-------- Given records --------
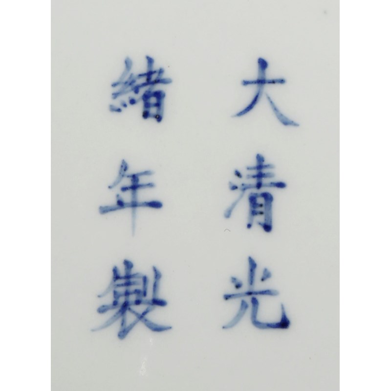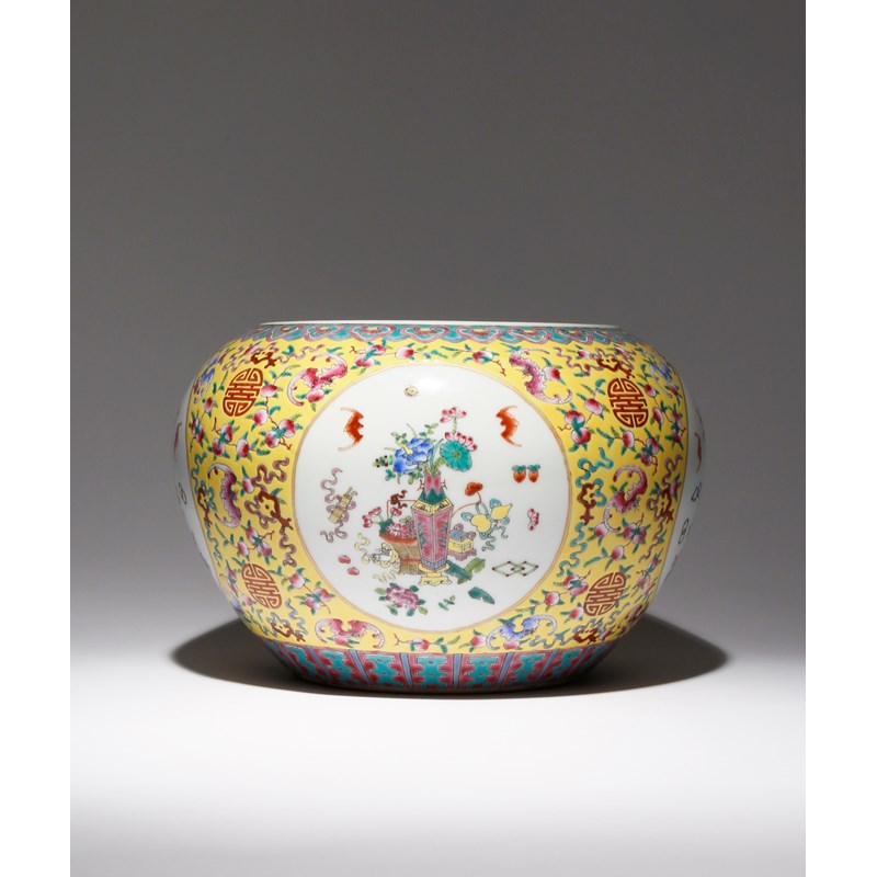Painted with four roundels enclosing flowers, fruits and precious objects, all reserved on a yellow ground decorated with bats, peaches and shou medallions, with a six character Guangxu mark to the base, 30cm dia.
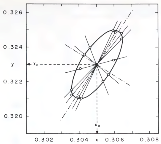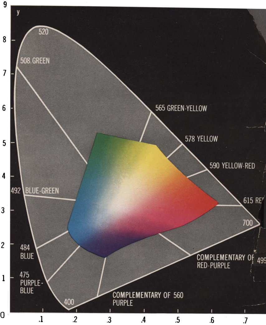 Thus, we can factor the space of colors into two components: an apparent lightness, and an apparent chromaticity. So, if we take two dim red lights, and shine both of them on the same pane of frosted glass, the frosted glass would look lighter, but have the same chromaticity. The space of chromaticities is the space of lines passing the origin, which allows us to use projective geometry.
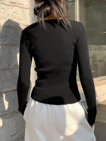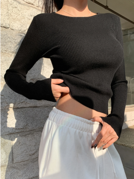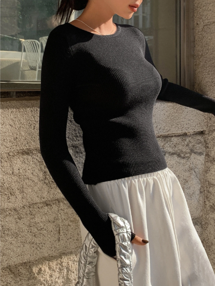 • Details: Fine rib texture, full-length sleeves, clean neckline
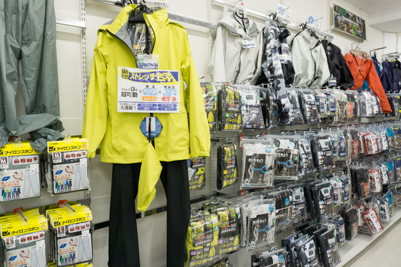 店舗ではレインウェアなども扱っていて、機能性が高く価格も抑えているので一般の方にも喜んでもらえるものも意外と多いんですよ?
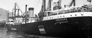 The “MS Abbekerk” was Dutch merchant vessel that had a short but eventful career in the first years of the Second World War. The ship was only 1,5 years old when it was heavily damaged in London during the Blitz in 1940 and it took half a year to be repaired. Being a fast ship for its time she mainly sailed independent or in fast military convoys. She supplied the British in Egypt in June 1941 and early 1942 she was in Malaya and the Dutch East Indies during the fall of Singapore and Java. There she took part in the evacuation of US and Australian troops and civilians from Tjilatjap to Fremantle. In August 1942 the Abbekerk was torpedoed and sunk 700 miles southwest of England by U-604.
--------
-------- Given records --------
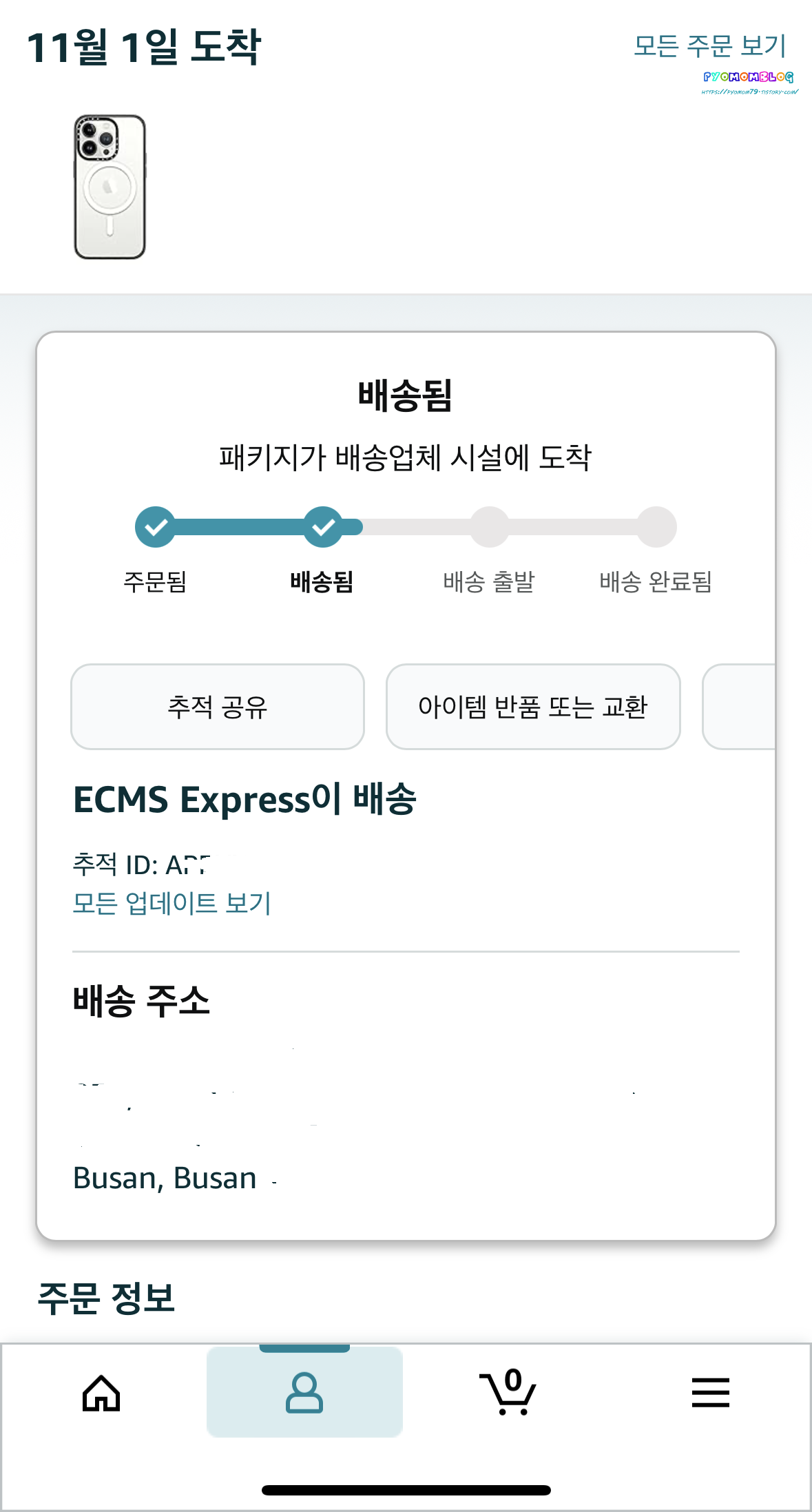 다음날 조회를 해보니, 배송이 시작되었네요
--------
-------- Given records --------
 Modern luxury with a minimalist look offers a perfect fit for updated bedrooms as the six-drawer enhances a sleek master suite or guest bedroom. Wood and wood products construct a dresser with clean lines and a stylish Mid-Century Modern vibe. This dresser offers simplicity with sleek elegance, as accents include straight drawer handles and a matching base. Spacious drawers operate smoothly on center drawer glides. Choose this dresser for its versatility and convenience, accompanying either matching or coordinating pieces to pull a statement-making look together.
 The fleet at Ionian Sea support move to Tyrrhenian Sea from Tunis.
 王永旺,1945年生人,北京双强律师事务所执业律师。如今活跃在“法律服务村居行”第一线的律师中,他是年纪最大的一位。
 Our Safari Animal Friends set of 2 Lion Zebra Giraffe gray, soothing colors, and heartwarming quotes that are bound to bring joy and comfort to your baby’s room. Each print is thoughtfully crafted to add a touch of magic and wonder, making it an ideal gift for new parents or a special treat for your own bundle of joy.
--------
▸ Exercise instructions
To complete this exercise, transcribe exactly the lines above from the one that holds "Thus, we can" through the one that holds "sleeves, clean neckline". Pictures stay out.

▸ Response area
 Thus, we can factor the space of colors into two components: an apparent lightness, and an apparent chromaticity. So, if we take two dim red lights, and shine both of them on the same pane of frosted glass, the frosted glass would look lighter, but have the same chromaticity. The space of chromaticities is the space of lines passing the origin, which allows us to use projective geometry.
 • Details: Fine rib texture, full-length sleeves, clean neckline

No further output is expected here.